··· Dataset records ···
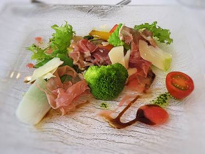 "いろいろ野菜の軽いマリネと生ハムのサラダ仕立て"
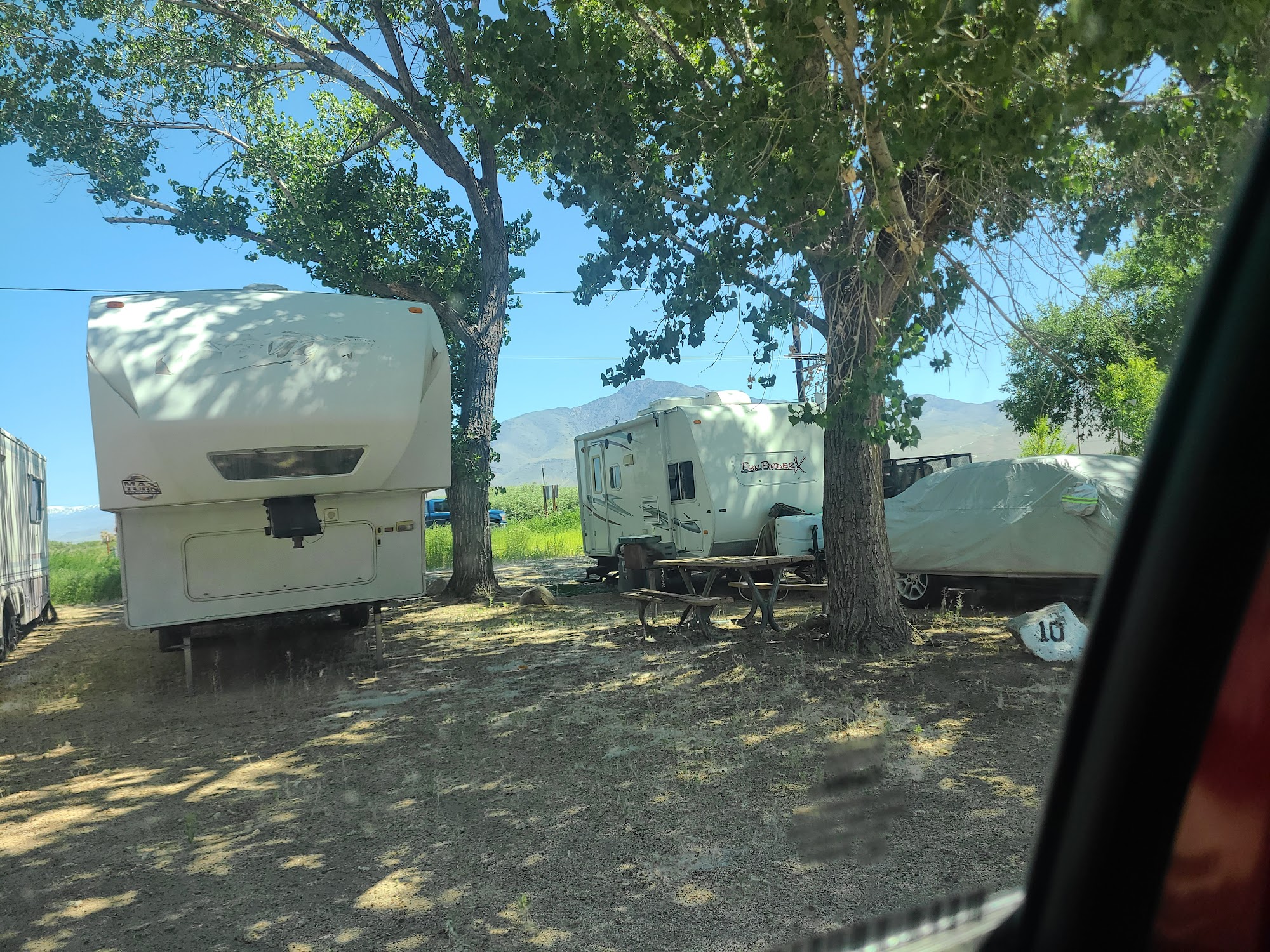 Glacier View Campground is a pretty clean, cheap, and quiet place to stay for the night, offering a nice view of the eastern Sierras. It is a smaller park with good sized pitches, suitable for RVs including larger vehicles. Overnight rates are typically $20 to $25, with an extra cost for power hookups and for hot showers, which cost $2 each. Some visitors find the pricing seems kind of pricey. The campground has basic amenities including restrooms and showers. The bathrooms are generally clean and have flush toilets with hot water in the sinks, sometimes with a heater on at night. However, the shower stalls are frequently reported as absolutely disgusting and atrocious, with significant mold, though the shower machine provides hot water. The location is very convenient when pulling into town and is walkable or bikeable to local businesses. A significant drawback is its proximity to the highway, resulting in noticeable road noise and lights that can be distracting for sleep, especially for tent camping. The campground has a mix of short-term visitors and a few longer term residents, who are described as a bit strange but generally nice and keep to themselves. The camp host is often not in until evening but can be personable and helpful. The park seems very safe. It serves as an okay stop and a practical base for nearby activities like hiking in the Sierra Nevada Mountains and visiting local restaurants.
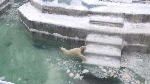 Стрелка погрузилась в воду первой, а Белка прыгнула в воду с берега. 15.03.2024
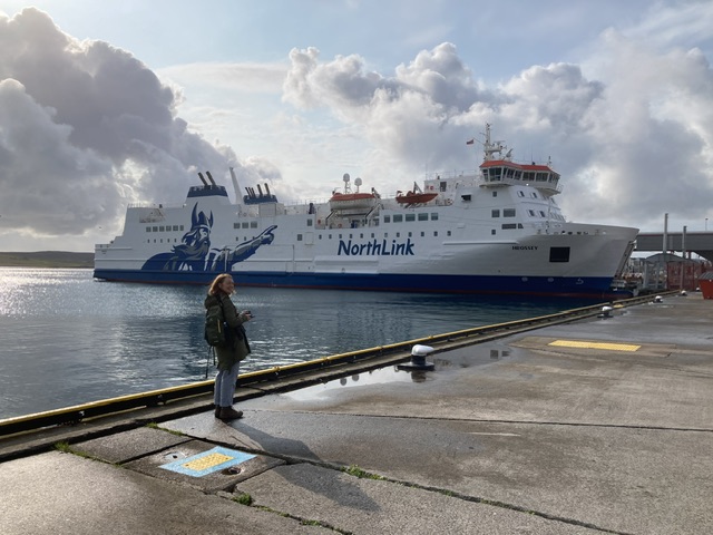 First stop at 23.00 was Kirkwall on Orkney; by 01.00 the decks were quiet. We had a pretty gruesome night ( not sea sickness – but pods are very unsatisfactory – Hugh slept on the floor of the main deck and I stuck it out in the pod… ) Food was OK; beer better. (Note for next time: get a cabin, or fly!)
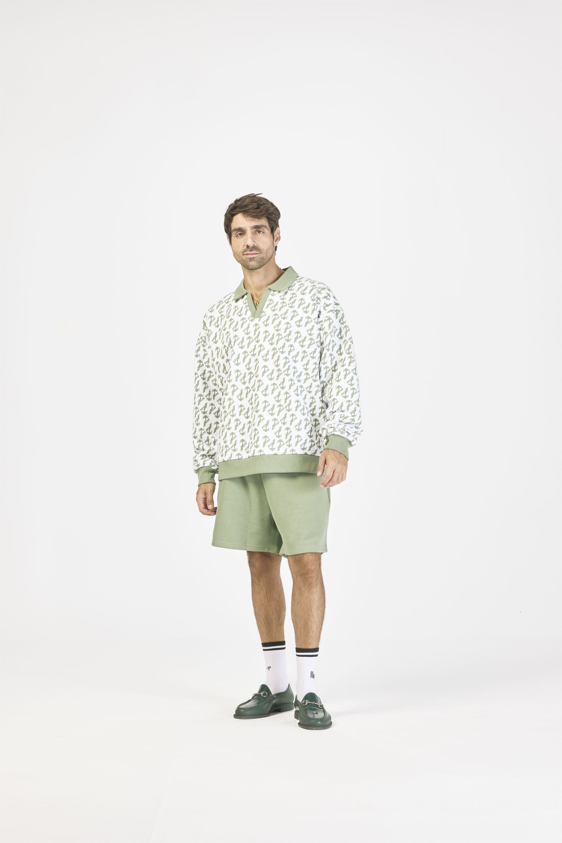 The 100% printed cotton long-sleeve polo is crafted from heavy piqué brushed fabric. It features a contrasted polo collar,ribbed cuffs and waist hem. Designed with a relaxed fit for ultimate comfort, it pairs perfectly with the piqué shorts to complete the look.
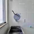 Cozinha azulejada com área de serviço integrada
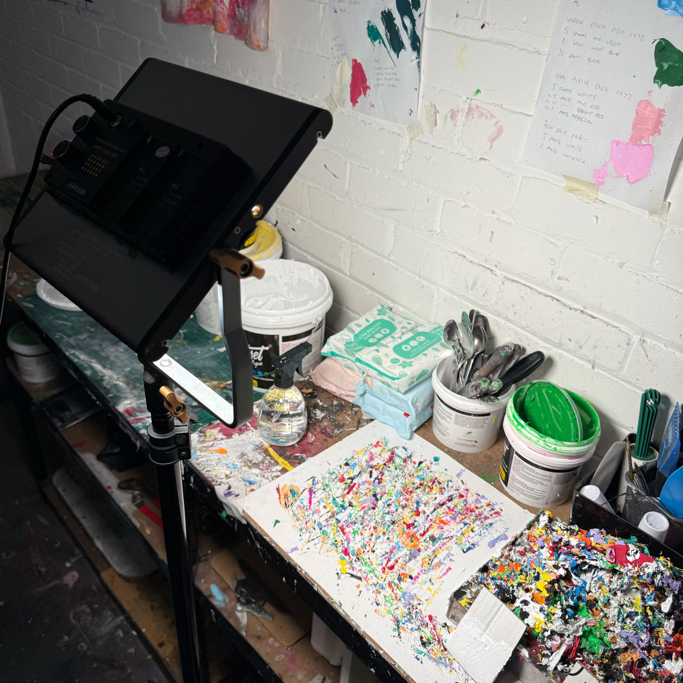 The Higher House design has been remixed. In the print room, Adam, our screen-printer, has a piece of card where he keeps his palette knives. I spotted it and thought it would make an amazing t-shirt. Gotta have House, music, all night long.
···
**Task to complete**:
Pictures aren't part of the copy; return each record above exactly.

**Answer to the problem**:
 "いろいろ野菜の軽いマリネと生ハムのサラダ仕立て"
 Glacier View Campground is a pretty clean, cheap, and quiet place to stay for the night, offering a nice view of the eastern Sierras. It is a smaller park with good sized pitches, suitable for RVs including larger vehicles. Overnight rates are typically $20 to $25, with an extra cost for power hookups and for hot showers, which cost $2 each. Some visitors find the pricing seems kind of pricey. The campground has basic amenities including restrooms and showers. The bathrooms are generally clean and have flush toilets with hot water in the sinks, sometimes with a heater on at night. However, the shower stalls are frequently reported as absolutely disgusting and atrocious, with significant mold, though the shower machine provides hot water. The location is very convenient when pulling into town and is walkable or bikeable to local businesses. A significant drawback is its proximity to the highway, resulting in noticeable road noise and lights that can be distracting for sleep, especially for tent camping. The campground has a mix of short-term visitors and a few longer term residents, who are described as a bit strange but generally nice and keep to themselves. The camp host is often not in until evening but can be personable and helpful. The park seems very safe. It serves as an okay stop and a practical base for nearby activities like hiking in the Sierra Nevada Mountains and visiting local restaurants.
 Стрелка погрузилась в воду первой, а Белка прыгнула в воду с берега. 15.03.2024
 First stop at 23.00 was Kirkwall on Orkney; by 01.00 the decks were quiet. We had a pretty gruesome night ( not sea sickness – but pods are very unsatisfactory – Hugh slept on the floor of the main deck and I stuck it out in the pod… ) Food was OK; beer better. (Note for next time: get a cabin, or fly!)
 The 100% printed cotton long-sleeve polo is crafted from heavy piqué brushed fabric. It features a contrasted polo collar,ribbed cuffs and waist hem. Designed with a relaxed fit for ultimate comfort, it pairs perfectly with the piqué shorts to complete the look.
 Cozinha azulejada com área de serviço integrada
 The Higher House design has been remixed. In the print room, Adam, our screen-printer, has a piece of card where he keeps his palette knives. I spotted it and thought it would make an amazing t-shirt. Gotta have House, music, all night long.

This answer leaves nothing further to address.